A Portrait in Parasitism

After Lebanon’s civil war, the country’s sectarian parties infiltrated the state and fed off of it.

Published on October 19, 2021

The scenes of fighting in Beirut’s streets on October 14 sent shockwaves across Lebanon and beyond. It reminded many people of the Lebanese civil war, which began in 1975. In reality, however, the fighting was not a return to that time.

The latest violence had a clear political goal, namely the removal of judge Tareq Bitar from the investigation of the explosion at Beirut port on August 4, 2020. Bitar had issued an arrest warrant for former finance minister Ali Hassan al-Khalil, a senior aide to Parliament Speaker Nabih Berri, a Hezbollah ally. Bitar has also sought to question Youssef Fenianos, a former public works minister from the Marada Party, which is also an ally of Hezbollah and Syrian President Bashar al-Assad, as well as Nouhad Machnouq, a Sunni politician who opposes Iran. In effect, Bitar is pursuing politicians across the spectrum, and has many enemies. Meanwhile, those on his side, namely the families of the victims of the port blast and smaller opposition groups, have little influence or power.

Hezbollah Secretary General Hassan Nasrallah has taken the lead in criticizing Bitar and his investigation and has called for his replacement. The demonstrations against the judge by Hezbollah and Amal and the ensuing violence last week served this purpose. For many, what took place was reminiscent of May 7, 2008, when Hezbollah and its allies, including Berri’s Amal Movement and the Syrian Social Nationalist Party, deployed gunmen in Beirut and the mountains to overturn two government decisions they saw as a threat. Their success at the time also paved the way for a government in which Hezbollah and its partners were given enough ministers to control the cabinet agenda and block decisions they opposed.

Today, more than a decade later, Lebanese militias are back on the streets. The question is whether they ever went away? Most of the wartime militias, except the Christian Lebanese Forces until 2005, retained many of their fighting capabilities, and bolstered their patronage networks by feeding off of the state and by siphoning money out of Lebanon’s highly corrupt reconstruction process.

Lebanon’s postwar period solidified the centrality of the wartime militias and laid the foundations for their immunity, undermining any process of national institution building. Hezbollah, with its weapons and network of party institutions, has thrived in this postwar reality. The organization is now leading the fight for restoring the old system after the 2019 protests, whether through its campaign against Bitar or by taking the lead in repressing and delegitimizing civil society organizations in claiming that they are linked to foreign embassies or imagined “American plots.”

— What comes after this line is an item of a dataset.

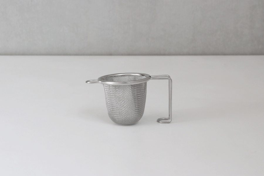 網の部分は、粗さが違う二重の網になっているので、細かな茶葉もしっかりとキャッチしてくれます。コの字型の持ち手は、カップの側面に引っかかり、安定して淹れられます。

Examining these militias and their networks in state institutions is both relevant and timely as Lebanon’s newly formed government negotiates a financial bailout plan with the International Monetary Fund and others. As in the case of the Beirut explosion investigation, Lebanese politicians are using sectarian language and threats of war to avoid any accountability for the corruption in governmental institutions and at Lebanon’s central bank.

The calls for a forensic audit of the central bank, for example, have illustrated the dynamics at play. President Michel Aoun and his Free Patriotic Movement (FPM) have called for such an audit, provoking a strong reaction from politicians and parties that do not want their wrongdoing to be made public. This includes, among many others, Amal and Saad al-Hariri’s Future Movement, who in turn have demanded a forensic audit of the Ministry of Energy, a notoriously shady ministry that has been controlled by the FPM for over a decade.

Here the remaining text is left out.